Phaedra enters, distraught, and begs Theseus not to kill his son, not to put upon her conscience the guilt of such a crime. Theseus reassures her that he has not touched Hippolytus; Neptune will revenge him. Phaedra, yet more alarmed, begins to question, but Theseus cuts her off and tells her that not only are Hippolytus' sins against her too black to be forgiven, but that he has compounded them by trying to make Theseus believe he is in love with Aricia. Leaving Phaedra stunned by this news, he goes to pray at the altars of Neptune for a prompt granting of his request.

Phaedra, alone, cannot believe and yet believes only too well the account she has just heard. Remorseful at the crime she had countenanced, she had torn herself from Oenone's arms to save Hippolytus' life, perhaps even to confess. Now her sentiments have completely changed. He loves Aricia! He loves another! Never will she defend him.

Oenone enters, and Phaedra tells her what she has learned. Hippolytus loves Aricia, and her suffering has no limits. Whatever she has endured before—the torments of love and the agony of remorse have been mild compared to the hell of jealousy she now undergoes. Hippolytus and Aricia were meeting, loving in all innocence, and heaven itself was smiling down on their transports, while she, Phaedra, had to hide her love from the light of day and sought only for death; she dared not even weep to relieve her suffering, but had constantly to maintain a serene face before the public.

Oenone, consoling, reminds her that Hippolytus and Aricia will never see one another again, but the thought is meaningless to Phaedra. "They will still love one another," she cries. "Even now they are defying the rage of a woman mad with love, swearing a thousand times they will never be parted." Oenone must serve Phaedra's passion once more; she must turn Theseus against Aricia and persuade him to kill her. She herself will beg him.

But at this moment, the very excess of her madness shocks her into sanity, and she stops short, appalled. "My husband is alive, and I still burn for Hippolytus!" she cries. From her first crime of incestuous love, she has gone on to countenance lies and false accusations; even now Hippolytus' innocent blood may be on her hands; how can she endure to live? Rather she should die; yet even after death, her father, judge of the underworld, will confront her, horrified at her crimes, trying to think of a torment appropriate to his daughter's sins.

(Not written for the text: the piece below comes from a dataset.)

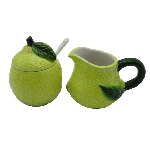 Custom Logo 3d Citroenvorm Keramische Dolomiet Water Kan Melkpot Met Zout Pot Set

Oenone, frightened, tries to calm her. Her love for Hippolytus was no crime, only an excusable error. Everybody loves; it is the fate of mortals, and the gods themselves sometimes love illicitly. Her feeble arguments, however, only anger Phaedra more. Now what new crimes will Oenone suggest? From the beginning, the nurse has been the instigator of Phaedra's wicked acts. She urged Phaedra to declare her love to Hippolytus; it was she who accused him falsely to his father and who may even now have encompassed his death. Phaedra henceforth will decide her own life, and may Oenone suffer the fate merited by all flatterers who encourage and feed upon the weaknesses of their princes! She exits, and Oenone, left alone, reflects that after all her services to Phaedra, she has perhaps received the reward she merits.